Принимая это объяснение, Софья Петровна по-прежнему продолжает не понимать сути происходящего. Так же, без понимания, встретил новость Алик, товарищ сына. Он, пытаясь найти хоть какое-то разумное объяснение этой чудовищной ошибке-преступлению, мыслит в стиле той самой эпохи — ищет вредителей: «Знаете, Софья Петровна, я начинаю думать так: все это какое-то колоссальное вредительство. Вредители засели в НКВД — вот и орудуют. Сами они там враги народа… Я теперь одного хотел бы: поговорить с глазу на глаз с товарищем Сталиным. Пусть объяснит мне — как он себе это мыслит?»

Здесь очень легко перейти некую грань и впасть в пафос обличительства, увидеть за глухотой и слепотой Софьи Петровны добровольную жажду слепоты и глухоты. Но в этом плачевном, замешанном на страхе состоянии действительно пребывало абсолютное большинство населения.

Доведенная до отчаяния Наташа Фроленко травится вероналом. Софья Петровна в одиночестве провожает ее гроб на кладбище. Но выполнить последнюю Наташину просьбу — передать в урочный день деньги арестованному Алику она уже не решается. Ее отговорила Кипарисова, объяснив, что дело ее сына могут связать с делом Алика и может получиться «контрреволюционная организация». Разве это не трусость, не предательство верного друга, из-за ее сына попавшего в беду? Нет, все сложнее. Произошла, собственно, переориентация ума на абсурдное, алогичное — и потому верное восприятие этого фантастического мира, и Софья Петровна, еще хранящая рассудок, слушается безумных слов Кипарисовой, подчиняется им, инстинктом чувствуя их необъяснимую правоту.

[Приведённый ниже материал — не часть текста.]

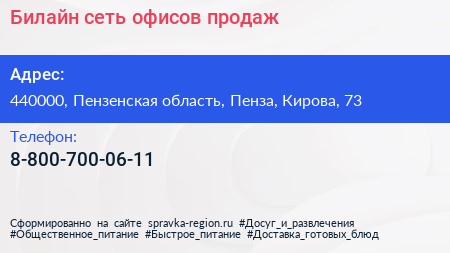 Билайн, сеть офисов продаж по адресу 440000, Пензенская область, Пенза, Кирова, 73 в дальнейшем Организация, размещена в следующих категориях:
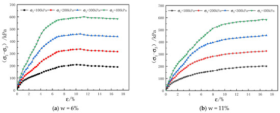 (2) When the water content is 6%, the stress-strain curve shows a strain softening type. As the confining pressure increases, the degree of strain softening in the curve gradually weakens. This is because when the confining pressure is relatively small, the structural strength of the soil mass is greater than the confining pressure. Therefore, the structural strength within the soil mass can resist the action of the confining pressure. Thus, after the soil strength reaches its peak, the loss of strength becomes more obvious. However, as the confining pressure increases, the internal structural strength of the soil gradually fails to resist the action of the confining pressure. Therefore, the soil structure will gradually deteriorate under the action of the confining pressure, and the stress-strain curve of the soil will gradually transform into a hardening type.
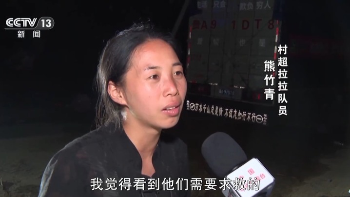 榕江县小瑞村足球队拉拉队队长 杨玉碧:我们又没电又没水,所以我就恨不得很快就能来到这里,哪怕我能够炒一盘菜,尽快赶时间,让救援人员更快地能够吃上饭,能够有力气。
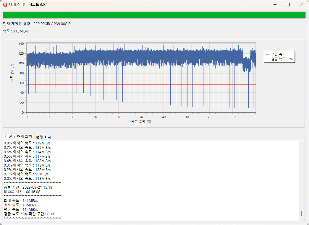 나래온 더티 테스트에서도 256GB를 다 채우는데 36분 08초가 걸렸고 평균속도는 114MB/s로 나왔습니다.
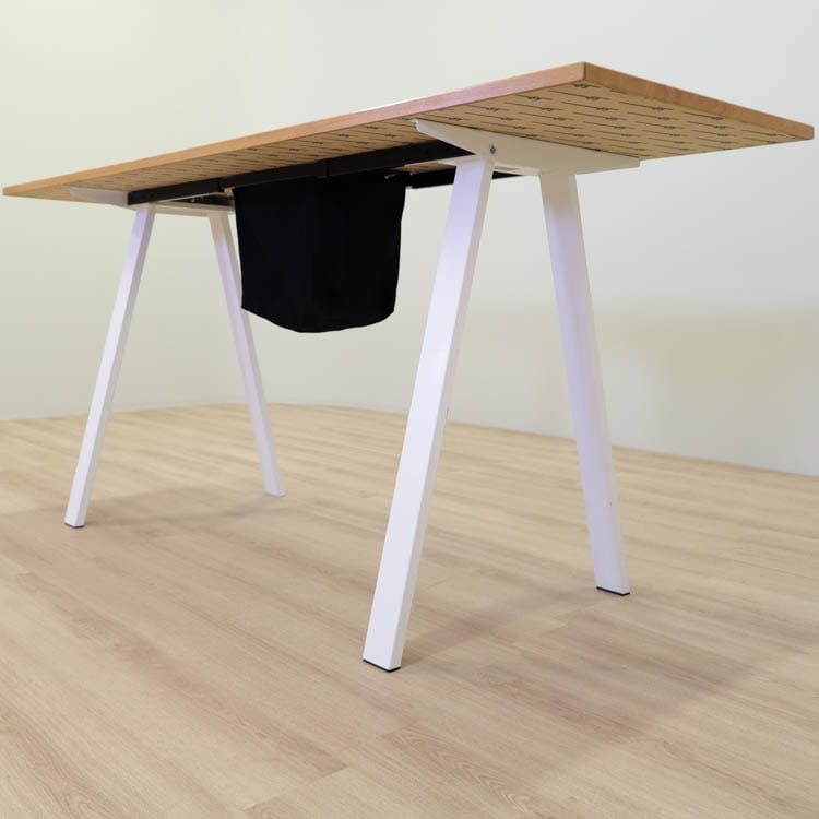 Bordets yta, som kommer från Lg Collection, är noggrant utvald för att ge en hållbar och estetiskt tilltalande arbetsyta. Den svarta kabelkorgen i tyg integrerad i bordet bidrar till att organisera och dölja kablar, vilket skapar en snygg och prydlig arbetsmiljö.
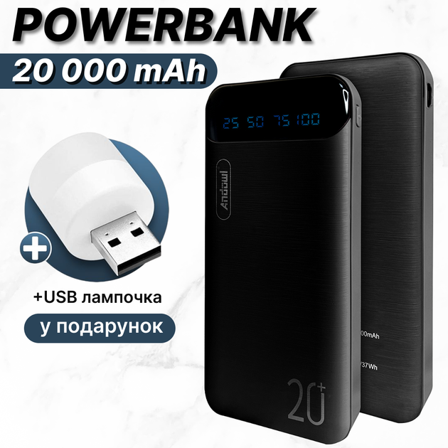 УМБ Power Bank Andowl Q-CD223Х1 20000 mAh QC 3.0 Зовнішній акумулятор із швидкою зарядкою Чорний (повер банк, портативна бат

Скоро и сама Софья Петровна встала на грань помешательства. Всю свою зарплату она тратила на вкусные консервы для будущих продуктовых посылок. Так и не дождавшись хотя бы единственного письма от сына, она начинает вдруг всем рассказывать о якобы полученном ею письме и о Колином скором возвращении.

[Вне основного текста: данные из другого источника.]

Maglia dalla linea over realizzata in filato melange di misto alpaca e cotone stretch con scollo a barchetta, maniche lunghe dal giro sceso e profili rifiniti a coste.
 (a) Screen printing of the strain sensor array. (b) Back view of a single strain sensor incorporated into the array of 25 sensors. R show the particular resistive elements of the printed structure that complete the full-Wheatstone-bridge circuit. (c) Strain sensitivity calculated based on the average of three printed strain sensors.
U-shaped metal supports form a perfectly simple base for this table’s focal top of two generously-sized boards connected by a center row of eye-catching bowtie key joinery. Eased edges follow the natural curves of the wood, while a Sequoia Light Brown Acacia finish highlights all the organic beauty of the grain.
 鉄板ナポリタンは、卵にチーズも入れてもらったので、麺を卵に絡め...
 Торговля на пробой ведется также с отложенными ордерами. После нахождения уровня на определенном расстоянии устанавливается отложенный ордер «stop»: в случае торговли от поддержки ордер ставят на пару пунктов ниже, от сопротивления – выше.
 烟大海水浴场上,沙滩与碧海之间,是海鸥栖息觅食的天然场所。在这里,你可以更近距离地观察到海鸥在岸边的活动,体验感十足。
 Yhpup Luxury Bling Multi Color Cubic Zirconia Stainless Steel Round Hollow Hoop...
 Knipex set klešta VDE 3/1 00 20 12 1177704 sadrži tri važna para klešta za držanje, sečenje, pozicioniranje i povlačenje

Но когда от Коли действительно приходит письмо, но совсем другое — пронзительно-страшное, безнадежное, молящее о помощи («…Мамочка, меня бил следователь Ершов и топтал ногами, и теперь я на одно ухо плохо слышу… Мамочка, на тебя вся моя надежда… Мамочка, делай скорее, потому что здесь недолго можно прожить…») — Софья Петровна бросается к той же Кипарисовой. Та, прочитав письмо, уговаривает Софью Петровну не писать никаких заявлений — ради Коли: «За такое заявление по головке не погладят. Ни вас, ни его. Да разве можно писать, что следователь бил? Такого даже думать нельзя, а не только писать. Вас позабыли выслать, а если вы напишете заявление — вспомнят. И сына тоже упекут подальше… А через кого прислано это письмо? А свидетели где? А как доказать? — Она безумными глазами обвела ванную. — Нет уж, ради бога, ничего не пишите». Вернувшись домой, Софья Петровна… сжигает письмо!

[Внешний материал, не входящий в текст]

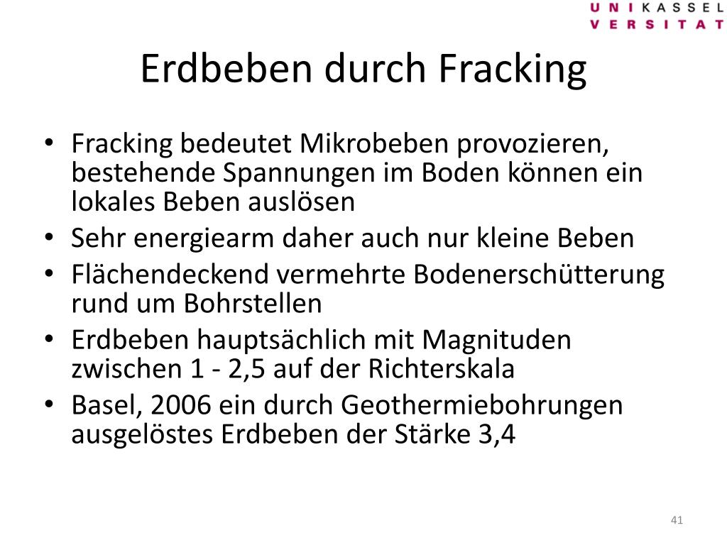 Erdbeben durch Fracking • Fracking bedeutet Mikrobeben provozieren, bestehende Spannungen im Boden können ein lokales Beben auslösen • Sehr energiearm daher auch nur kleine Beben • Flächendeckend vermehrte Bodenerschütterung rund um Bohrstellen • Erdbeben hauptsächlich mit Magnituden zwischen 1 - 2,5 auf der Richterskala • Basel, 2006 ein durch Geothermiebohrungenausgelöstes Erdbeben der Stärke 3,4
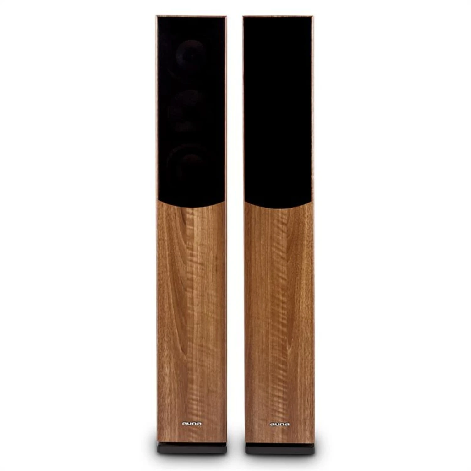 Visivamente, il dispositivo vanta la presenza di un tweeter con rivestimento in elegante alluminio e due midrange con membrana in oro. I terminali di alta qualità con contatti dorati garantiscono una perfetta trasmissione del segnale. La base in noce dei diffusori Auna assicura un’elevata stabilità durante la riproduzione.
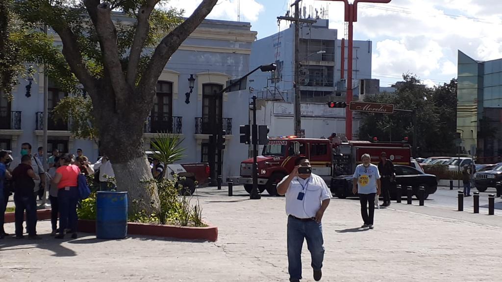 Matamoros, Tamaulipas. – La tarde de este martes empleados y funcionarios del edificio del Ayuntamiento de Matamoros, fueron evacuados por una llamada en falso de un supuesto artefacto explosivo, a lo cual elementos de Protección Civil Municipal y Bomberos actuaron de inmediato descartando esta situación.
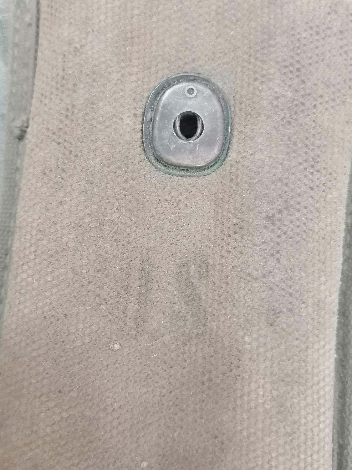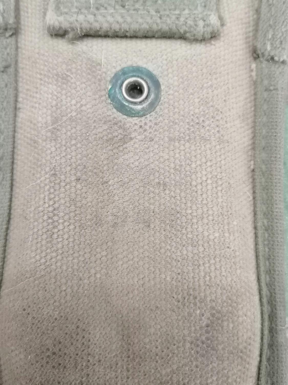 Une poignée est fendue, et l'étui a une tâche de rouille au dos.
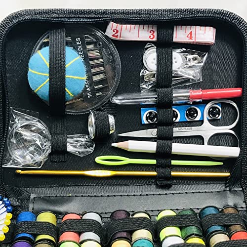 Mini set da cucito da viaggio, 129 pezzi, accessori da cucito fai da te, piccolo kit da cucito per casa, in viaggio e in caso di emergenza, con aghi da cucito, ditale, forbici, filo, metro a nastro

Слова Кипарисовой, а главное, строки самого письма окончательно раскрыли ей глаза на тот фантастический мир, в котором она жила. Она наконец поняла, с чем она поневоле имеет дело, — если хотите, по-своему прозрела, как ни дико называть прозрением обретенную оптику кривого зеркала. Ей стало безнадежно ясно, что человеческими, ей доступными способами — очереди, инстанции, письма — она не добьется ничего в этой атмосфере страха и зла. Не сразу, с трудом, но она поняла, что, как ни худо сейчас ей и ее сыну, — может быть еще хуже. И, сжигая письмо, она не рвет с сыном, не предает его (как может показаться с точки зрения нормальных людей), нет, она предупреждает опасность — уничтожает улику, которая может еще больше навредить ему.

«Ноябрь 1939 — февраль 1940, Ленинград» — эти даты под повестью — органическая ее часть, финал. Словно тонкий луч фонариком пробил суконную тяжесть беспросветного времени, став источником исторического оптимизма, которым эта повесть, несмотря ни на что, проникнута. История Софьи Петровны ведь не затерялась, не пропала, чудовищному миражу не дали забыться, не дали кануть в воду. И сделано это не спустя десятилетия, не задним числом, а в самый разгар тех мрачных событий, когда даже было страшно подумать о происходящем, а не то что произнести вслух или записать в тетрадь. И то, что сделано Л. К. Чуковской, иначе, как гражданским подвигом, не назовешь.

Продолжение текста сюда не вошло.